Matthew does NOT looked Dazed and Confused this week!!

25 Arizona Wildcats vs 20 Arizona St Sun Devils Duel in the Desert for the Territorial Cup 800pm

Couple of 8-3 Desert Dwellers..Interesting to see Wildcats favored in Tempe but maybe because its being played at night so the Sun Devil’s power is shaded ( that is weak, even for you ZT! ). Both squads can play defense and only loss in last 5 games for both teams is to the Houston Cougars. Close one and going with the home team ( ok 113 miles apart but still ) Upset Special Sun Devils ( even at night! ) 21 Wild ‘n Out Cats 20

Saturday

1 Ohio State vs 15 Michigan The Game 11am

Can THE Ohio State break the Blue curse?? It has been 2190 days ( as of Friday ) since the Buckeyes defeated the Wolverines. It all points to the Buckeyes but….believe Ryan Day will play for a sustained, ball control game and that will keep this score lower and TIGHTER than predicted. It is in Ann Arbor so that’s a HUGE advantage for the GO BLUE gang. Buckeyes. 21 Wolverines 20

“Rather be a 1-armed man fighting Mike Tyson than play here!” said 1 OSU fan


12 Miami vs 24 Pittsburgh 11am

Hurricanes are out of season in the Atlantic and the Gulf of America but this game is in the Steel City that is known for the 446 bridges and the home of Heinz Ketchup ( ZT…do you think this is a travel channel blog? ).
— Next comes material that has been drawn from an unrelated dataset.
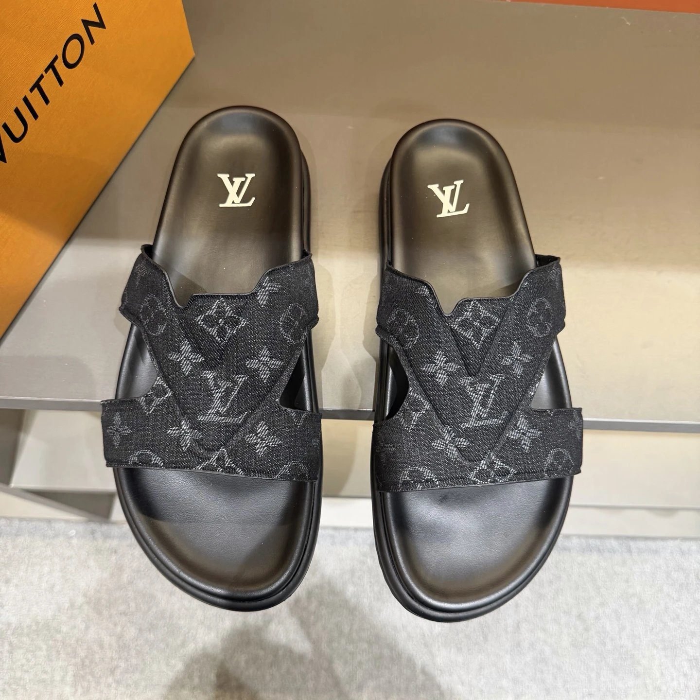 Louis Vuitton Monogram Light Luxury Style Black Slides

Panthers took care of GT on the road and now have a chance to ruin Mario Cristobal’s holidays. Can Pitt HC Narduzzi make it happen with the “don’t care if ND beats us by 100 as long as we win next 2” statement? He is half way there and Mario tends to coach big games with both hands on his own neck. ZT buying into the Coach N hype and playing in 32 degree weather. Upset Special Panthers 27 Frost Warning 24

Miami Players will just love the weather in Pittsburgh on Saturday & so will the 42 fans that left South Beach to come to the game!!

LSU vs 8 Oklahoma 230pm

Well…by the time this one kicks off, we will likely know if some guy from Mississippi is coming to Baton Rouge. Regardless, the Sooners have one mission, run over the Tigahs and get ready to host a 1st round CFP game. So much drama on the bayou but not in Norman. Venables’ Defense and QB John Mateer get it done, secure a spot and get ready to welcome someone else to Norman. Sooners 24 Bayou Boys 14

14 Vanderbilt vs 19 Tennessee I-40 Bowl 230pm

Well…Pavia fever has hit a new high but it was for more for Antoinette Padilla, his mom last week….even though Diego had a career best 484 yards and 5 TD’s, his mom may have gotten more air time than him! That ain’t gonna happen at Rocky Top this week. Throw in Vandy HC Clark Lea name getting tossed in for the opening in Happy Valley ( Signed a late extension on Friday!) is just enough distraction as smart people get distracted quicker than meatheads on rumors. Vols 35 Smart Sailors 28

family gatherings in Knoxville

6 Oregon vs 31 Washington. The Cascade Clash 230

Hmm… Ducks HC took a shot at some SEC teams when he said “ We didn’t play Chattanooga State this weekend” after the Ducks took out USC. Note to Ducky Dan: Pay attention to the corn on your own pond as Huskies have an instinct to hunt and a duck dinner would be just fine. ZT would go with an upset call for the Huskies BUT….HC Fisch is now being named as a candidate in a few job openings and Oregon HC Dan Lanning has the Ducks peaking at the right time. Another close rivalry game. Ducks 28 Huskies 24

FSU vs Florida. The Florida Cup 330pm

Seminoles are all in on Norvell for another year ( word is the FSU crypto bet went the wrong way so they needed to wait anyway to fund the buyout ) but Gators can prevent them from attending a bowl with a W in the swamp. Hopefully, more motivation by the reptiles than we saw vs. the bootlegging hillbillies last week. Its in Gainesville and 21st century Indians more comfortable in a casino than in a swamp. Gators 27 Seminoles at the Hard Rock 24

10 Bama vs Auburn The Iron Bowl 630pm

Saban said it best on GameDay “ that place is haunted!!!” talking about playing a Jordan-Hare and even more so at night. Add in all the Tigers need is a W to become bowl-eligible and eliminate the Tide from the CFP in the same night. ZT’s key to this one? How Bama compensate and execute for the lack of a running game. Not easy with TE Cuevas still not 100%. This one has all the makings of a classic Iron Bowl. If you like to bet, take Tigers and the points but see Bama as “more fortunate” in this one ( and not counting on their FG Kicker! ) Bama 28 War Eagles 27

Bonus Selection: Where will Lane Kiffin be coaching in 2026? Well, ZT will start with a conversation he had with a Charlie Daniels Cover Band at a Holiday Inn in Columbus, Mississippi and it went something like this:

ZT bringing the Proof from Columbus, MS!!!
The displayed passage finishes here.